Input below:

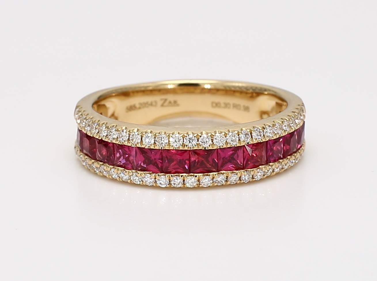PRINCESS CUT RUBY & ROUND DIAMOND 14KY BAND
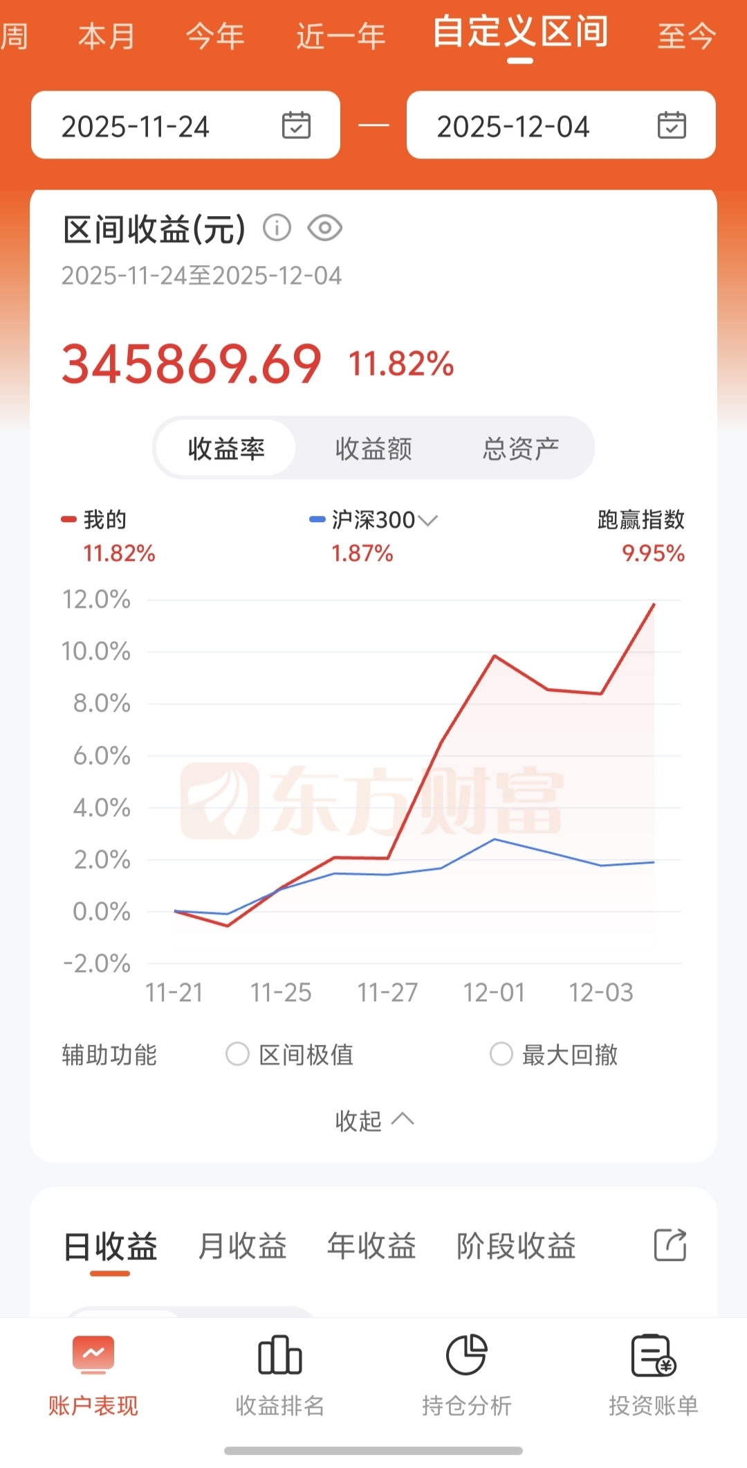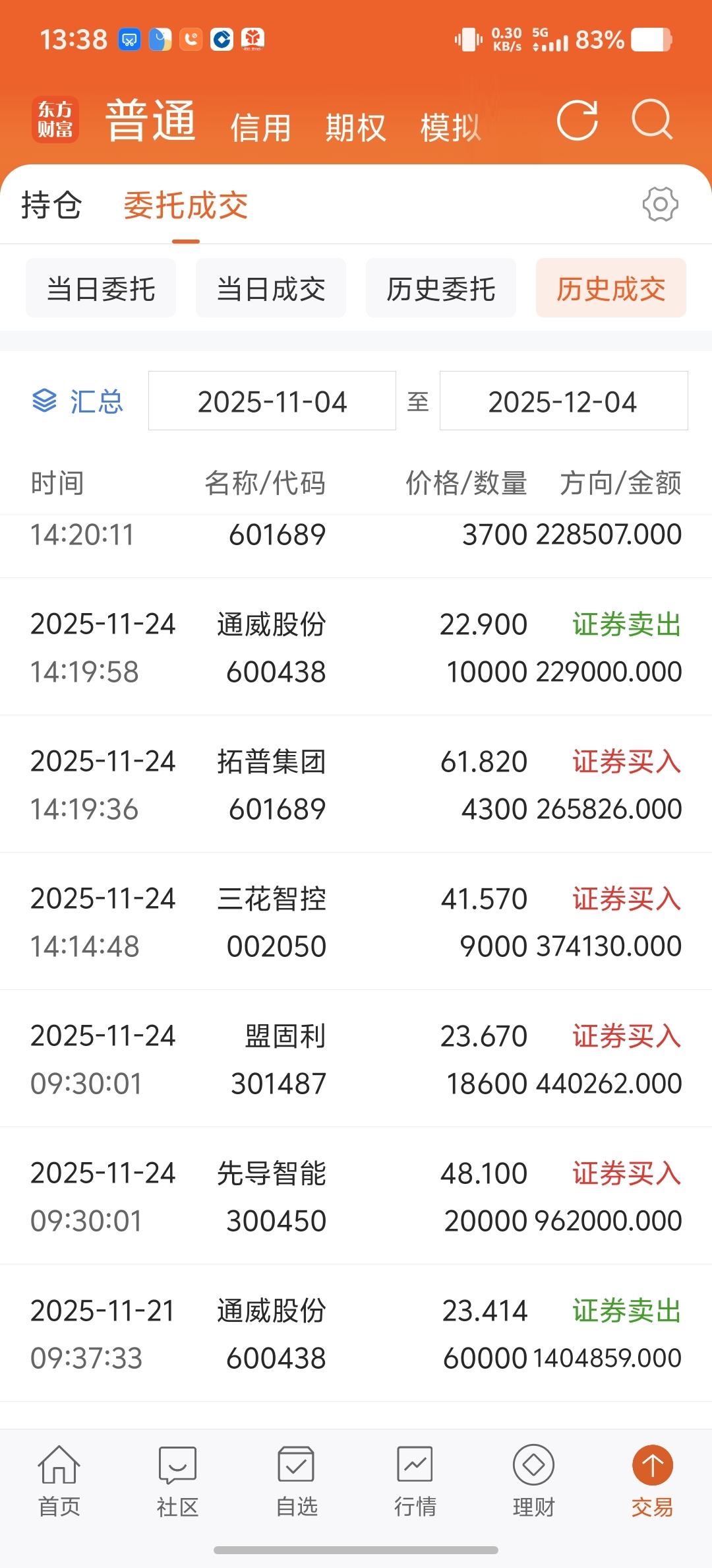 11月20号21号被通威打懵了,周末想了很久,24 25号分批把手上的通威清得只剩一千股换赛道了,调仓到现在把十一月在通威挨亏的赚回来了
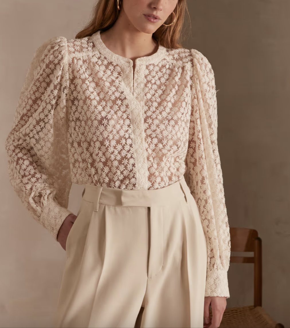 Chez Maison 123 : La chemise Selene en coton avec détail volanté à porter avec un jean taille haute et le chemisier brodé Camomille pour une allure romantique,
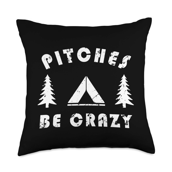 Pitches Be Crazy Funny Tarp Tent Camping Hiking Backpacking Throw Pillow
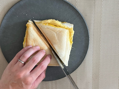 山本ゆりさん正直レビュー:第4回 ハッシュド餅ベーコンチーズ×まな板になるお皿&サヤ付きミニナイフ
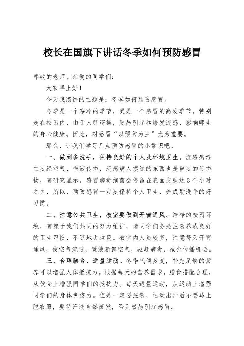 校长在国旗下讲话冬季如何预防感冒尊敬的老师、亲爱的同学们:大家早上好!今天我演讲的主题是:冬季如何预防感冒。冬季是一个寒冷的季节,更是一个感冒的高发季节。特别是在校园内,由于人群密集,更易引起和爆发流感,影响师生的身心健康。因此,对感冒“以预防为主”尤为重要。那么,让我们学习几点预防感冒的小常识吧。一、做到多洗手,保持良好的个人及环境卫生。流感病毒主要经空气、唾液传播,流感病人摸过的东西也是重要的传播物,有研究显示,感冒病毒细菌会停留在表面皮肤达3个小时之久,所以,预防感冒一定要保持个人卫生,养成勤洗手的好习惯。二、注意公共卫生,教室要做到开窗通风。洁净的校园环境,有赖于我们共同的努力维护,请同学们务必注意养成良好的卫生习惯,不随地丢垃圾。教室内人员较多,注意每天开窗通风,使空气流通,置换新鲜空气,驱赶病毒,减少传播机会。三、合理膳食,适量运动。冬季气候多变,补充足够的营养可以增强人体抵抗力。根据每天的营养需求,膳食搭配合理,从饮食上增强同学们的抵抗力。每天适量运动,从运动上增强同学们的身体免疫力。但是一定要注意,运动出汗后不要马上脱衣服,要待汗液自然蒸发,否则极易引起感冒。
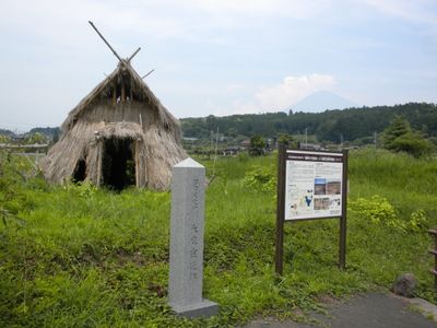 The archaeological site stands one kilometer from Fujinomiya Station, with a stone marker and information placard providing details about the ancient settlement.
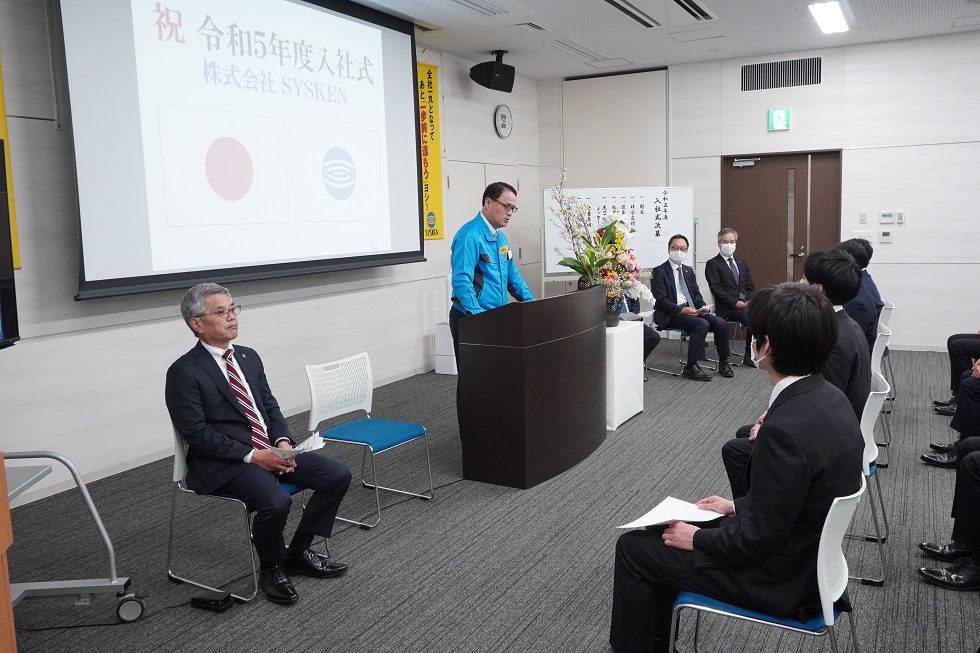 令和5年4月3日SYSKEN本社ビルにおいて、令和5年度入社式を執り行いました

End of Input.

> [Work request]:
Look above for the line containing "山本ゆりさん正直レビュー:第" and the line containing "校长在国旗下讲话冬季如何预防", then reproduce both and everything between them exactly, pictures omitted.

> [Final answer]:
 山本ゆりさん正直レビュー:第4回 ハッシュド餅ベーコンチーズ×まな板になるお皿&サヤ付きミニナイフ
 校长在国旗下讲话冬季如何预防感冒尊敬的老师、亲爱的同学们:大家早上好!今天我演讲的主题是:冬季如何预防感冒。冬季是一个寒冷的季节,更是一个感冒的高发季节。特别是在校园内,由于人群密集,更易引起和爆发流感,影响师生的身心健康。因此,对感冒“以预防为主”尤为重要。那么,让我们学习几点预防感冒的小常识吧。一、做到多洗手,保持良好的个人及环境卫生。流感病毒主要经空气、唾液传播,流感病人摸过的东西也是重要的传播物,有研究显示,感冒病毒细菌会停留在表面皮肤达3个小时之久,所以,预防感冒一定要保持个人卫生,养成勤洗手的好习惯。二、注意公共卫生,教室要做到开窗通风。洁净的校园环境,有赖于我们共同的努力维护,请同学们务必注意养成良好的卫生习惯,不随地丢垃圾。教室内人员较多,注意每天开窗通风,使空气流通,置换新鲜空气,驱赶病毒,减少传播机会。三、合理膳食,适量运动。冬季气候多变,补充足够的营养可以增强人体抵抗力。根据每天的营养需求,膳食搭配合理,从饮食上增强同学们的抵抗力。每天适量运动,从运动上增强同学们的身体免疫力。但是一定要注意,运动出汗后不要马上脱衣服,要待汗液自然蒸发,否则极易引起感冒。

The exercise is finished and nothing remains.